▶ _EXERCISE INSTRUCTIONS_: Copy the listing as it is written, and leave each picture out.

▶ _RAW DATA_:

^^^^

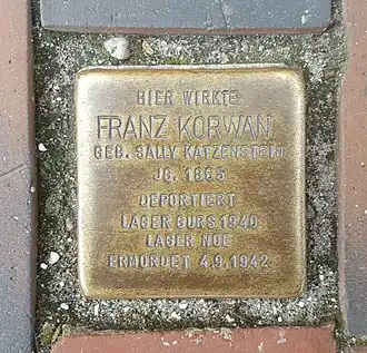 - Hay una piedra conmemorativa ( Stolperstein ) para Franz Korwan en Strandstraße 12 en Westerland, frente a su primer estudio. Otros están en Keitum y Baden-Baden.
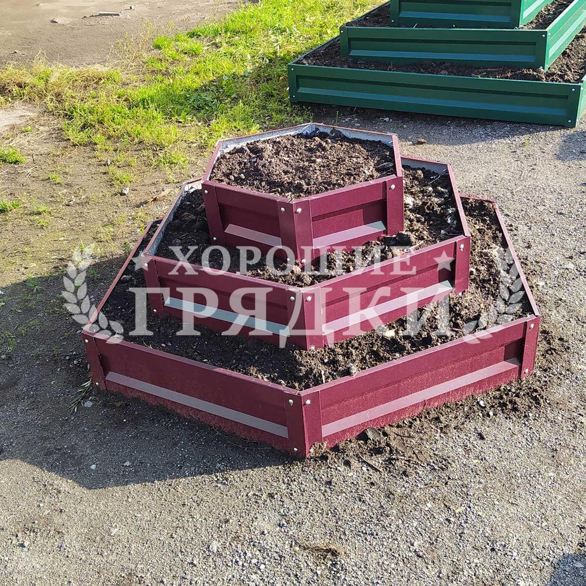 Клумба зеленая «Шестигранная 4 яруса» Ø 1.8м-1.4м-1м-0.6м
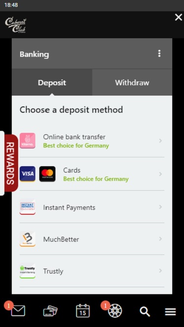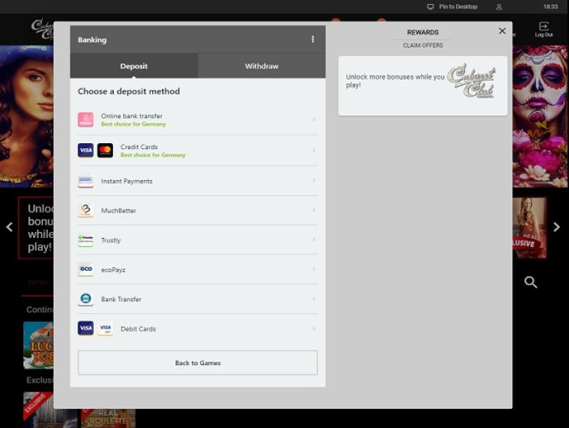 Cabaret Club Casino 由 Microgaming, Net Entertainment, Evolution Gaming, Triple Edge Studios, Stormcraft Studios, Switch Studios, Pulse 8 Studios, Games Global, Just For The Win, Fortune Factory Studios and Half Pixel Studios提供支持,该平台通过其网页平台为玩家提供数百款游戏。无需下载即可畅玩,所有内容均由网站提供。

^^^^

▶ _TASK RESPONSE_:
 - Hay una piedra conmemorativa ( Stolperstein ) para Franz Korwan en Strandstraße 12 en Westerland, frente a su primer estudio. Otros están en Keitum y Baden-Baden.
 Клумба зеленая «Шестигранная 4 яруса» Ø 1.8м-1.4м-1м-0.6м
 Cabaret Club Casino 由 Microgaming, Net Entertainment, Evolution Gaming, Triple Edge Studios, Stormcraft Studios, Switch Studios, Pulse 8 Studios, Games Global, Just For The Win, Fortune Factory Studios and Half Pixel Studios提供支持,该平台通过其网页平台为玩家提供数百款游戏。无需下载即可畅玩,所有内容均由网站提供。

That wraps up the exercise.